- _Your objective_:
The entries below contain a line with "Oktoberfest Costume de" and a line with "Create a debt". Quote exactly those two lines and all lines between them.

- _Data for processing_:
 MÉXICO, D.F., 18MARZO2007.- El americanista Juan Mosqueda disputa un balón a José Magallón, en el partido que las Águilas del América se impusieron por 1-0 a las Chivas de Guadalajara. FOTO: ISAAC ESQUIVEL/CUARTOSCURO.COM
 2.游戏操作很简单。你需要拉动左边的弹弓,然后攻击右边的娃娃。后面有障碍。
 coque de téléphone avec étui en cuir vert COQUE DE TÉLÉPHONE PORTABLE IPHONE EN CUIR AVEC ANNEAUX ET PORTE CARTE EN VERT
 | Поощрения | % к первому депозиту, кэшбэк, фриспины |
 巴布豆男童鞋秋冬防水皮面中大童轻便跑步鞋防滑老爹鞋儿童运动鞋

---

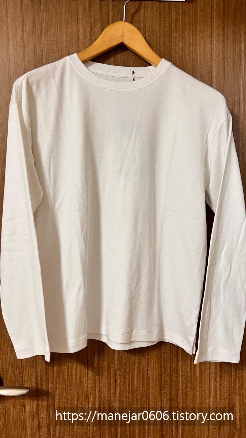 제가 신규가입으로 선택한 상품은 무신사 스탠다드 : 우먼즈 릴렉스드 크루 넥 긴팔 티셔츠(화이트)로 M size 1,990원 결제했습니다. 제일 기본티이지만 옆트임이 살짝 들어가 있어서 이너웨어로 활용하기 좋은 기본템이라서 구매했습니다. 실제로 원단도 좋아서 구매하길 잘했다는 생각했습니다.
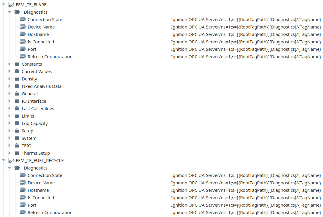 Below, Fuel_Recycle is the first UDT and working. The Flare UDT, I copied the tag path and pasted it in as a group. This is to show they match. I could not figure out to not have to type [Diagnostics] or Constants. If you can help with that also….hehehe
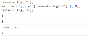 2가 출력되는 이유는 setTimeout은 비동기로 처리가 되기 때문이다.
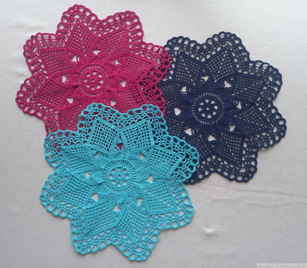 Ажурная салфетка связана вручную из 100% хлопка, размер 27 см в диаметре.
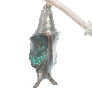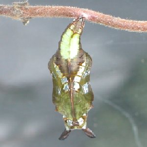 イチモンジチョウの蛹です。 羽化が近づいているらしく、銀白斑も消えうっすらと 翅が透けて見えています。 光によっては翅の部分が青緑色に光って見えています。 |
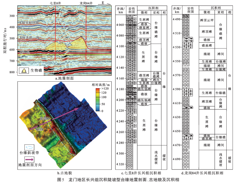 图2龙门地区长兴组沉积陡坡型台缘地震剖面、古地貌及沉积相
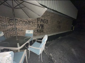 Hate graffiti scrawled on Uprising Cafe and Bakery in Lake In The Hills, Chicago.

---

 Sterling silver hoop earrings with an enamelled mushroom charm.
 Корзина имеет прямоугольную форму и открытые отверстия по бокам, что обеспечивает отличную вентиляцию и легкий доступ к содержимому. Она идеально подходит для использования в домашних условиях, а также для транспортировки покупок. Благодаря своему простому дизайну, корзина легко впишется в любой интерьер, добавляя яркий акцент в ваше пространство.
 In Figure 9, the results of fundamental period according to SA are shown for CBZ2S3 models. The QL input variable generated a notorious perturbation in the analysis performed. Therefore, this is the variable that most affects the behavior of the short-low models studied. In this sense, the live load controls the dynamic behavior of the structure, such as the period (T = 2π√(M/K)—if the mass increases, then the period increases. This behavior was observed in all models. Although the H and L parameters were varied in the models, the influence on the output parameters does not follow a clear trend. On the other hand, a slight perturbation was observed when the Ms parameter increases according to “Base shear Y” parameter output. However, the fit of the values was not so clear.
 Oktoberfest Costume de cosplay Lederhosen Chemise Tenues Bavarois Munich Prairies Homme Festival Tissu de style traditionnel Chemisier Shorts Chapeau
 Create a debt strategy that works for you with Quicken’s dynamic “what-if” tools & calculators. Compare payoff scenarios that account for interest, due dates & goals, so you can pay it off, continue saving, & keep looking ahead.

- _The answer_:
 Oktoberfest Costume de cosplay Lederhosen Chemise Tenues Bavarois Munich Prairies Homme Festival Tissu de style traditionnel Chemisier Shorts Chapeau
 Create a debt strategy that works for you with Quicken’s dynamic “what-if” tools & calculators. Compare payoff scenarios that account for interest, due dates & goals, so you can pay it off, continue saving, & keep looking ahead.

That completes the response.